This past April, we reported from the World Medical Innovation Forum on the future of Artificial Intelligence (AI) in orthopedics.
We noted that AI is already in orthopedics in the form of diagnostic programs, robot assist programs and patient treatment algorithms. There is big money at stake. Morris Panner, CEO of Ambra Health, has written that funding for companies that provide AI-based health care solutions surpassed $400 million in 2017 and is breaking investment records.
Alan Reznick, M.D., M.B.A., F.A.A.O.S. and Ken Urish, M.D., Ph.D. write in AAOS NOW that AAOS is currently developing big data through registries like the American Joint Replacement Registry (AJRR), “and as we look to find a useful home for AI in orthopaedics, AJRR could be one place to start.”
“AI could be used to screen radiographs for subtle abnormalities, back up an emergency department doctor’s nighttime fracture readings with a machine-learning-based second opinion or follow a bone tumor’s response to chemotherapy.”
Urish is currently working on AI as a way to evaluate MRI data to detect osteoarthritis and track cartilage loss over time. “This approach may have many implications as we evaluate the usefulness of treatments like lubricants, platelet-rich plasma, and stem cells, as well as medical treatments for inflammatory arthropathies.”
Proposed Regulatory Framework
But how is the FDA going to assure the safety and effectiveness of the software associated with artificial intelligence—also known as software-as-a-medical-device (SaMD)— whose algorithms can change without human intervention and possibly affect people in ways for which they were not approved or cleared.
We didn’t have to wait long to find out how the FDA is thinking about this.
In April the agency issued a Discussion Paper titled: “Proposed Regulatory Framework for Modifications to Artificial Intelligence/Machine Learning (AI/ML)-Based Software as a Medical Device (SaMD)“.
Then-Commissioner Scott Gottlieb, M.D., said this was an effort to “consider a new regulatory framework specifically tailored to promote the development of safe and effective medical devices that use advanced artificial intelligence algorithms.”
Avoid Returning for FDA Permission
At issue is how the agency will regulate AI/ML used in software and how it will keep track of ongoing changes to such software to ensure that any changes are safe and effective, without requiring an entirely new submission for each iteration of the software.
Currently, the FDA does not take into consideration the continued adaptation of SaMDs using AI/ML.
Simply put, AI algorithms are software that can learn from and act on data. But what if that data changes the safety profile of the device? Does the manufacturer have to go back for another clearance or approval?
The agency wants to base its regulatory framework on the internationally harmonized International Medical Device Regulators Forum (IMDRF) risk categorization principles, FDA’s benefit-risk framework, risk management principles in the software modifications guidance, and the organization-based TPLC approach as envisioned in the Digital Health Software Precertification (Pre-Cert) Program.
Let’s start with some definitions. The FDA defines SaMD is a software “intended to be used for one or more medical purposes that perform these purposes without being part of a hardware medical device.”
The agency wants to figure out how to regulate SaMDs that “learn” by using real-world evidence to continuously adapt and improve and, therefore, may need to be re-submitted for a new premarket approval.

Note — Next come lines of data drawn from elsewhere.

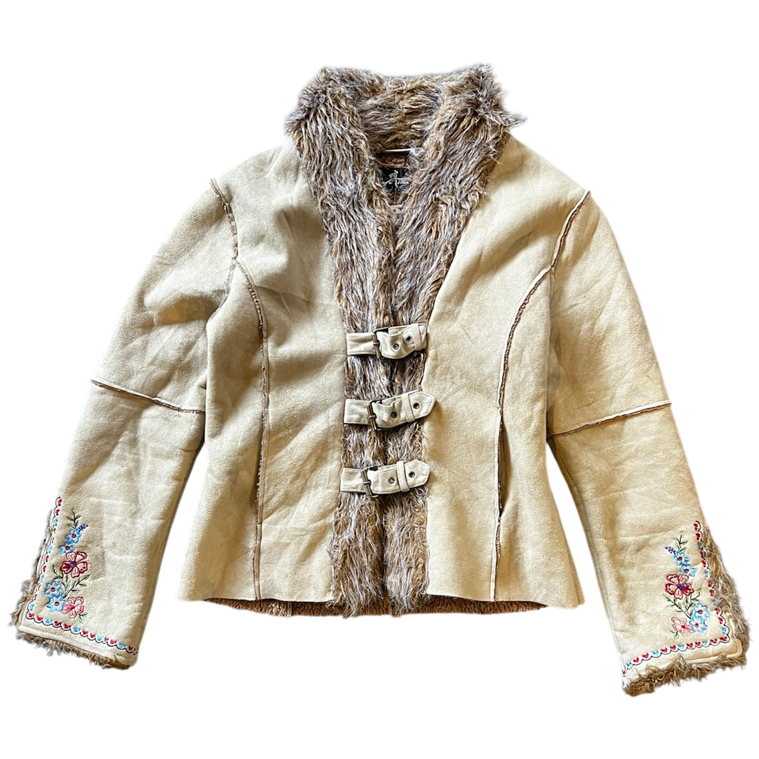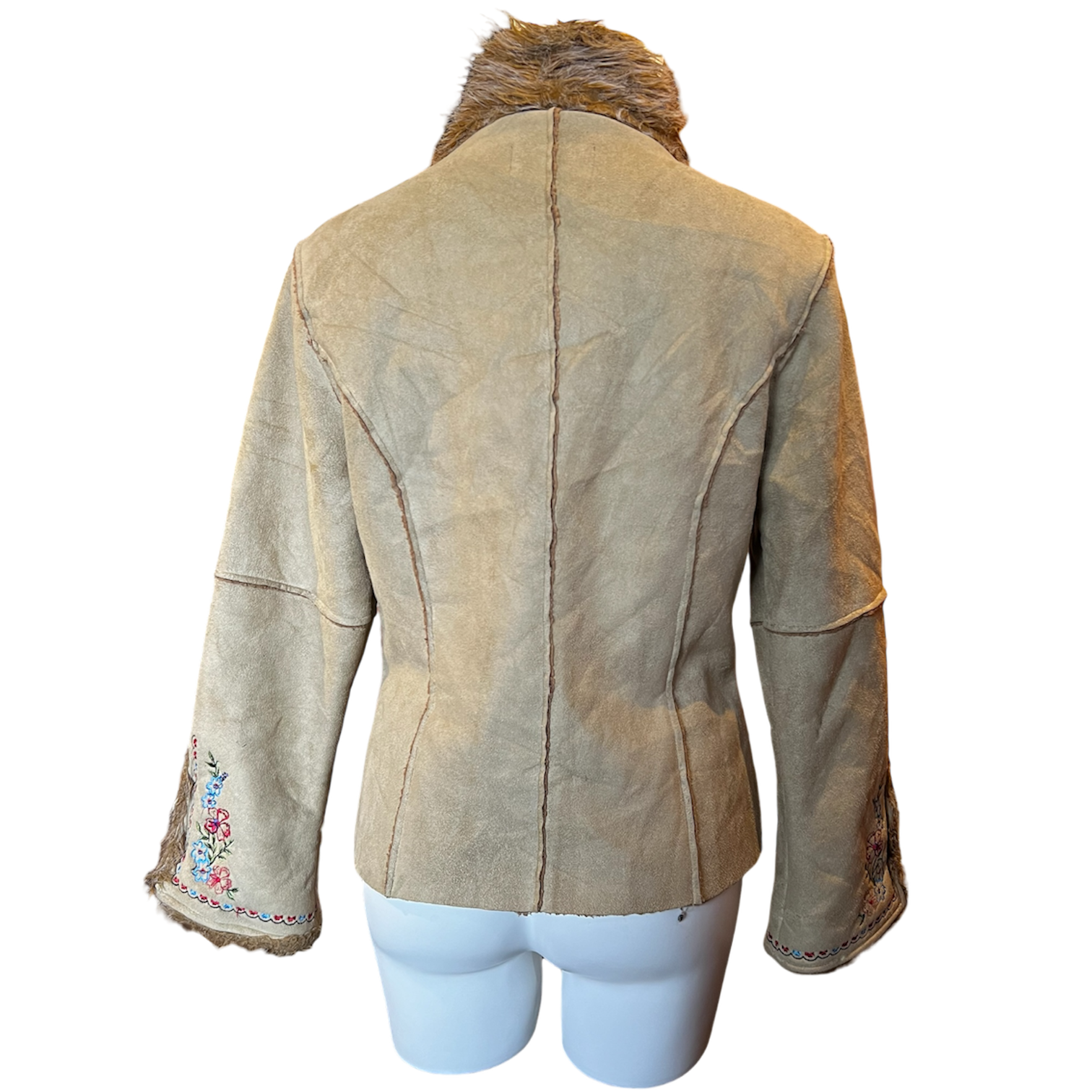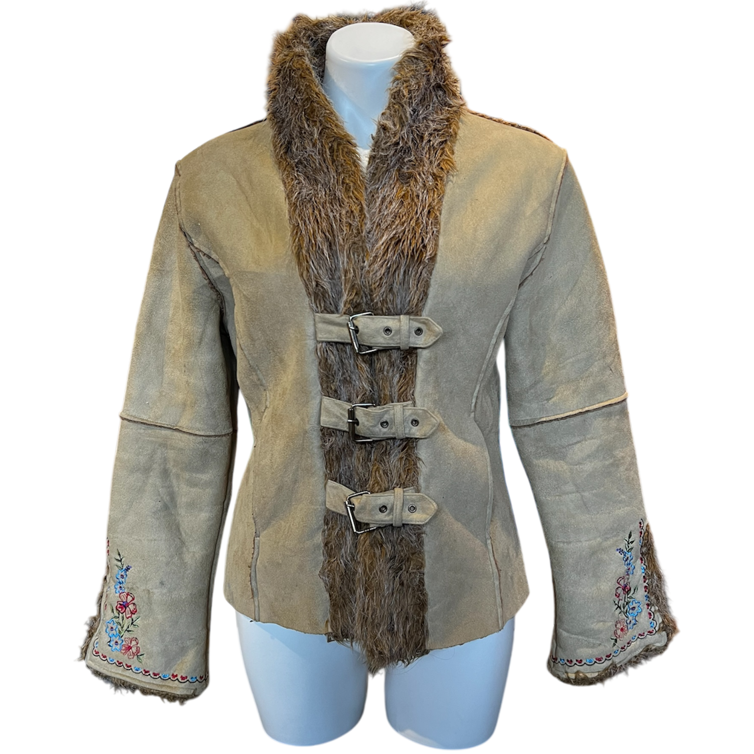 Light brown suede jacket with faux fur and floral embroidered sleeves. Buckle front closure and fleece inner lining.
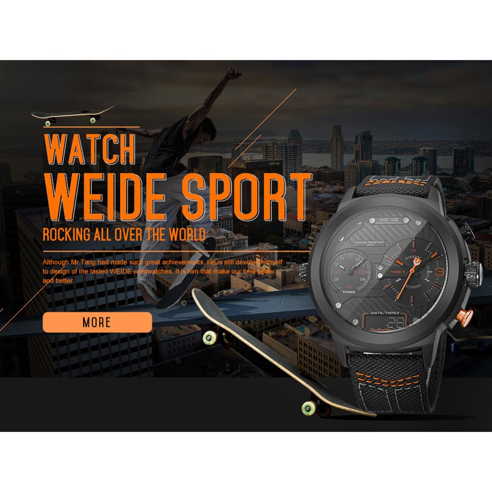 WEIDE WH1103 is a stylish sport watch with the function of auto date, alarm and stopwatch that certainly catches your heart! Features: With 12/24 Hours display, quartz and digital movements keeps good time. Attractive design
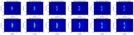 To demonstrate the effectiveness and performance of the proposed method, we present results of numerical simulation and experimental measurement that were briefly outlined in the preceding section. The experiments are set in an anechoic chamber and two metal spheres are placed in the scene center with spacings of 0 mm, 5 mm, 10 mm, 15 mm, 20 mm and 25 mm. An N5224A PNA microwave network analyzer is used as a transmitter and receiver in this experiment. The system applies the motion controller to acquire data with a 1 cm interval in the total 1 m synthetic length. After collecting the raw data, focusing is carried out to obtain the focused images. In Figure 17, the results from the full-wave method compare well with the experimental results. The approach preserves the electromagnetic wave interactions between two spheres, and the interaction is reduced with spacing increases. Different degrees of interaction are present with the spacing variation between the targets, and the interaction intensity is reduced with increasing displacement.
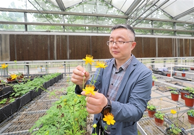 耿金鹏教授观察太空金莲花S1代突变情况
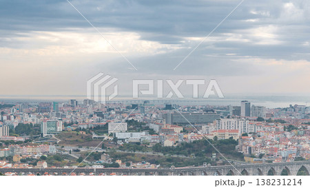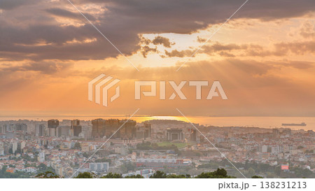 Panoramic overview during sunrise over Lisbon from a viewpoint in Monsanto morning timelapse.
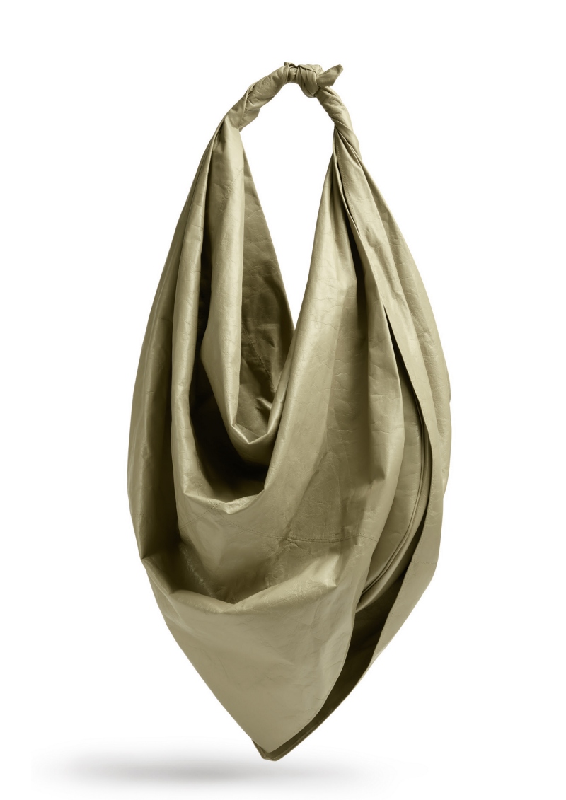 運用揉皺的皮革,讓整個包包更有隨性,更有著仿舊的溫潤感,提袋上方以紐結的形式,完成這個包,不知為何一直會想起《哈利波特》的分類帽,真的是超級可愛,就算整個沒有五金,也相當有趣!(價格店洽)
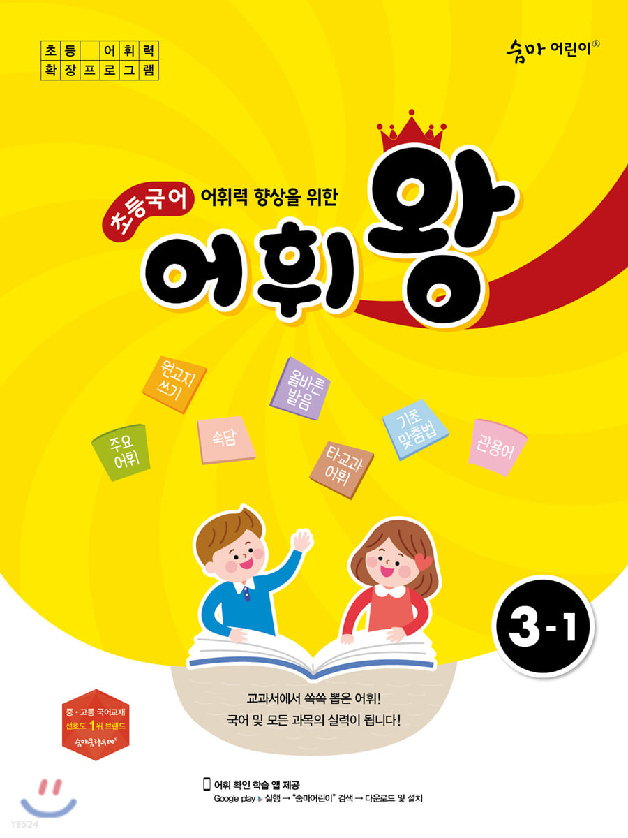 『초등국어 어휘왕』은 초등 어휘력 확장프로그램으로 교과서에서 뽑은 어휘를 수록한 교재이다. 새롭고 낯선 어휘와 기초 맞춤법, 띄어쓰기 및 원고지 쓰기, 표준 발음법, 기초적인 문법 지식을 공부하며 학습한 어휘들을 다시 한 번 확인하여 어휘력을 높인다.
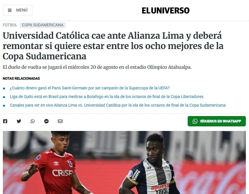 El duelo de vuelta se jugará en Quito el próximo miércoles 20 de agosto desde las 7:30 p.m. (hora peruana).
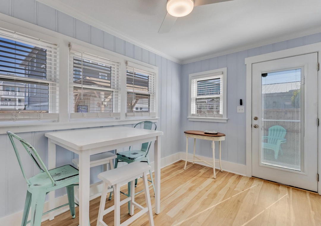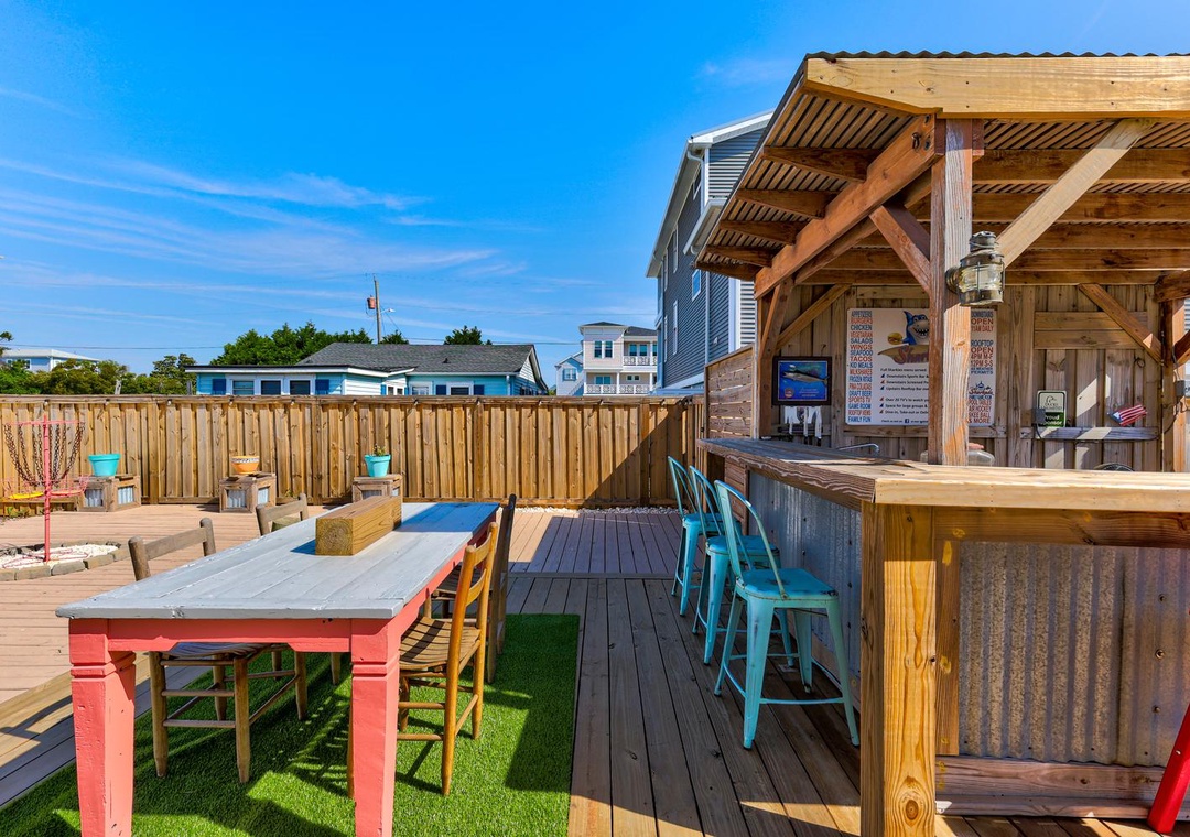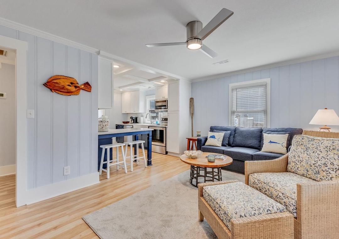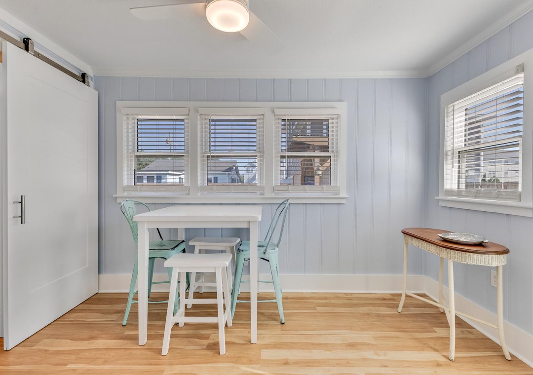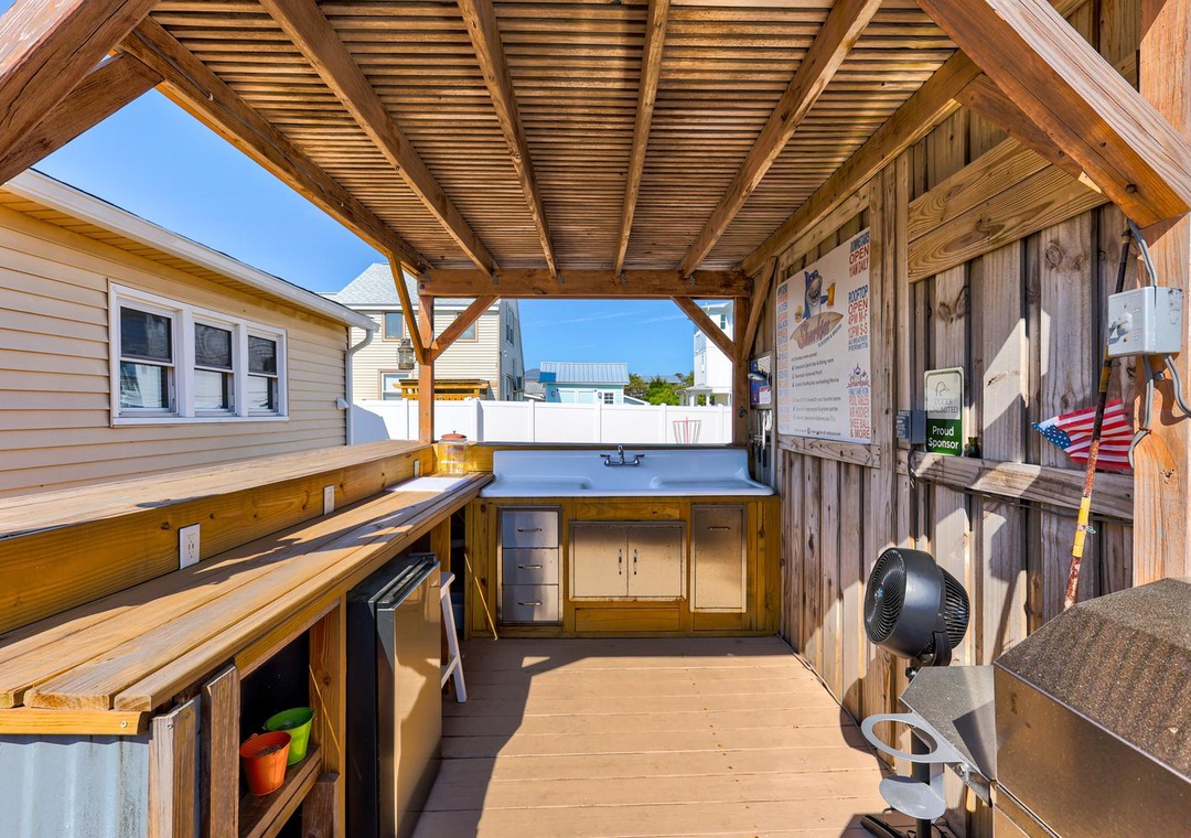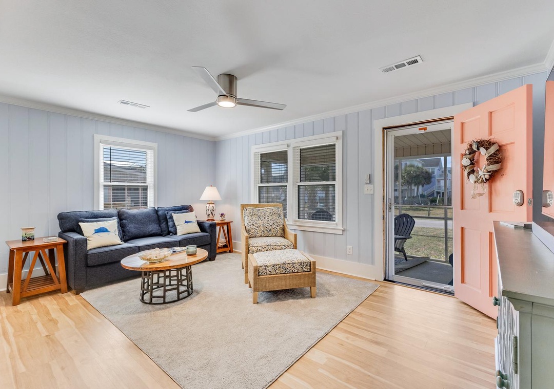 Enjoy your morning or evening on the inviting screened-in front porch, where you can soak in the ocean breeze without the bugs. After a beach day, rinse off in the private outdoor shower, a must-have feature for any beach stay.

For instance, a SaMD may need to undergo maintenance throughout its lifecycle. Maintenance can be adaptive (e.g., adjust to the use environment), perfective (e.g., improve performance), corrective (e.g., correct errors) or preventative (e.g., adjust any errors before they become issues). In the U.S., how and when manufacturers present these changes to FDA to allow the agency to reassess the safety and effectiveness of the SaMD, is a “work in progress.”
Gottlieb said the artificial intelligence technologies granted marketing authorization and cleared by the agency so far are generally called “locked” algorithms that don’t continually adapt or learn every time the algorithm is used.